The rural GP recalls a time when he wanted nothing to do with patients hooked on opioids

"I thought they were drug addicts who would nick my needles, manipulate me into writing prescriptions, threaten me and upset my other patients," he said.

When he became a grudging methadone prescriber, he thought so-called addicts would scare off his other patients and spell the end for his practice.

It never happened.

"I've been treating some of these patients for 20 years. They're like good mates," Dr Holliday said.

But a lack of support for time-poor GPs - reluctant to treat opioid "addicts" - will have them reaching for their prescription pads rather than search for alternatives ways to manage their patients' chronic pain and opioid dependence, he said.

"We need to recognise that this is a real dilemma for doctors, their patients and regulators," Dr Holliday said ahead of the Australian Pain Society conference next week, where he will run a session on pain and opioid management.

"We are going to find that an awful lot of people are going to present with an awful lot of pain," he said.

The Therapeutics Goods Administration's rescheduling decision came after reports of codeine addicts swallowing up to 100 tablets a day, and people "pharmacist shopping" to stock up on the drugs.

A small percentage of people will find it easier to buy opiates on the black market, but most will turn up in GP waiting rooms, Dr Holliday said.

"GPs will be put in a very difficult position. People who have been using opioids for a long time – sometimes 20 years or so – will come in saying they have extraordinary levels of pain. They'll say they're not addicts, they just need their opioids.

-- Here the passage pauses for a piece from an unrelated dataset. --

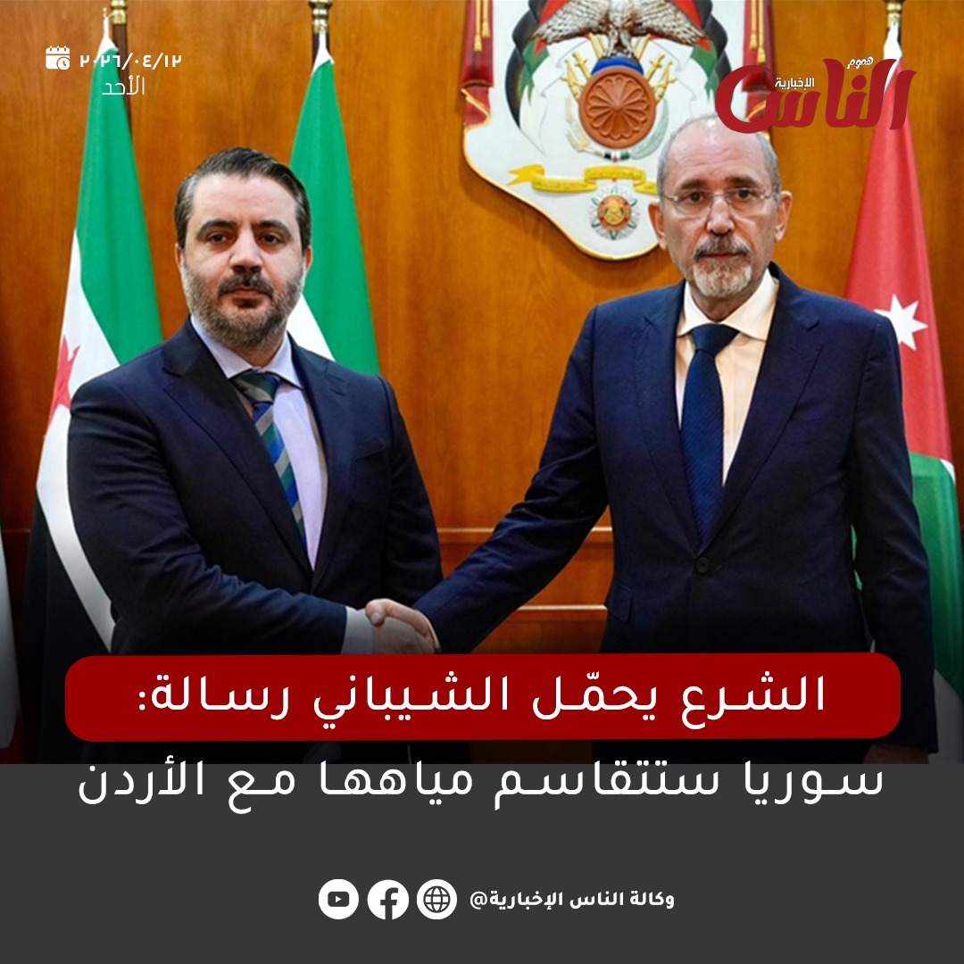 وكالة الناس – كشفت وزارة الخارجية السورية ان رئيس الجمهورية أحمد الشرع حمل وزير الخارجية أسعد الشيباني إلى المملكة الاردنية الهاشمية مفادها أنّ سوريا ستتقاسم مياهها مع الأردن.

"I think GPs will feel very uncomfortable and ill-prepared. They'll be reluctant to hand out opiates, but won't know what else to do,"  Dr Holliday said.

"Opiates are dangerous because they're so fantastic. You so feel better initially, but you very quickly develop a tolerance"

Taking opioids for more than a week doubles the chances that patients will still be taking them a year later.

"It's like installing malware into the hard drive of your mind. It colours your priorities," Dr Holliday said.

Instead of feeding opioid dependence, GPs needed to be empowered to help patients taper off and use alternative pain coping strategies, he said.

But the current Medicare structure rewarded fast throughput, six minute-medicine, Dr Holliday said.

"Writing prescriptions is often the fastest and easiest way to do this.

"We need a system that supports doctors who take on these patients and take the time to understand them," he said.

Patients needed a multi-pronged approach including methadone programs, surveillance, non-pharmacological chronic pain management, psychological support and practical lifestyle changes.

"We need to think about what our patients eat, how often they exercise, how they sleep. We need them to take the focus off their pain and back onto their lives," Dr Holliday said.

A spokesperson for the Department of Health said the TGA is developing a strategy to help inform the community and healthcare professionals about the rescheduling changes.

Federal Health Minister Greg Hunt has requested the TGA launch its information campaign in April, ahead of schedule, work with pharmacies to alert the public to the problems of codeine misuse and dependency, and help customers transition to alternative products, the spokesperson said.

For Ms Proud, a combination of her pain management physician, opioid replacement drugs, physiotherapy, psychological support and lifestyle changes emboldened her to taper off opioids and manage her pain without drugs.

"It was hard and frustrating, but eventually, over the weeks, I started to see little improvements.

"The pain is never going to be completely gone. I had to grieve for who I used to be, but I have more control over my life," she said.